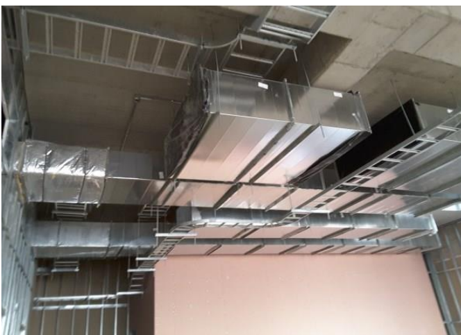
Avance de instalaciones.
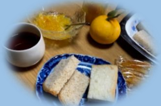
マーマレード作り
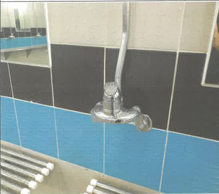
수영장 남자 샤워실 수전 1개소 교체
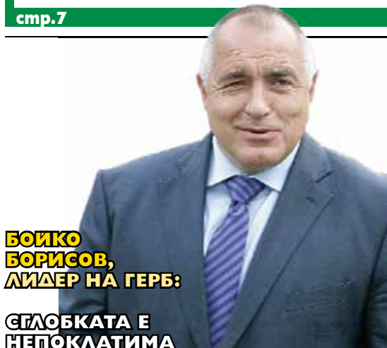
БОИКО БОРИСОВ, ЛИДЕР НА ГЕРБ:
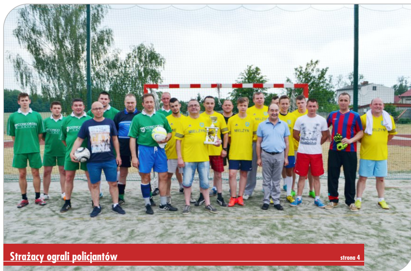
Strażacy ograli policjantów
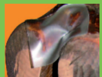
Mortella Heal® (Dr. Kenndoff)

Ein neuartiges Pflaster Mortella Heal® von Dr. Kenndoff zeigt verblüffend gute Wirkung. Dieses Pflaster wird mittels Verband 10 Tage auf der Läsion fixiert. Darunter bildet sich eine neue intakte Haut, die besonders gegen Neuinfektionen recht widerstandsfähig zu sein scheint. Das Pflaster ersetzt sozusagen den Schorf und wirkt aufgrund des feuchten Wundmilieus schmerzlindernd Gerade bei Behandlungen mit Nova-
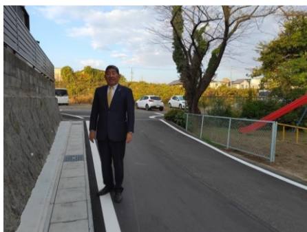
側溝の有蓋化整備 実質的に道路幅も拡張されました 森岡町六丁目地内

長草町の白紗池に隣接する知多半島道路大府下りPAの新設工事(令和4年4月供用開始)に伴い、白紗池を周回する遊歩道の舗装整備が行われます。工事中は利用不可となります。不便をおかけしますが、新しい商業施設と自然豊かな白紗池の親水施設の完成をどうぞお楽しみに。
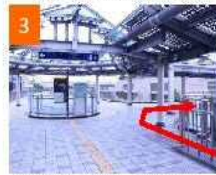
動く歩道の終点から右折する
================
■ YOUR OBJECTIVE: With the images omitted, output all entries exactly as given.

■ RESPONSE BELOW:
Avance de instalaciones.
マーマレード作り
수영장 남자 샤워실 수전 1개소 교체
БОИКО БОРИСОВ, ЛИДЕР НА ГЕРБ:
Strażacy ograli policjantów
Mortella Heal® (Dr. Kenndoff)

Ein neuartiges Pflaster Mortella Heal® von Dr. Kenndoff zeigt verblüffend gute Wirkung. Dieses Pflaster wird mittels Verband 10 Tage auf der Läsion fixiert. Darunter bildet sich eine neue intakte Haut, die besonders gegen Neuinfektionen recht widerstandsfähig zu sein scheint. Das Pflaster ersetzt sozusagen den Schorf und wirkt aufgrund des feuchten Wundmilieus schmerzlindernd Gerade bei Behandlungen mit Nova-
側溝の有蓋化整備 実質的に道路幅も拡張されました 森岡町六丁目地内

長草町の白紗池に隣接する知多半島道路大府下りPAの新設工事(令和4年4月供用開始)に伴い、白紗池を周回する遊歩道の舗装整備が行われます。工事中は利用不可となります。不便をおかけしますが、新しい商業施設と自然豊かな白紗池の親水施設の完成をどうぞお楽しみに。
動く歩道の終点から右折する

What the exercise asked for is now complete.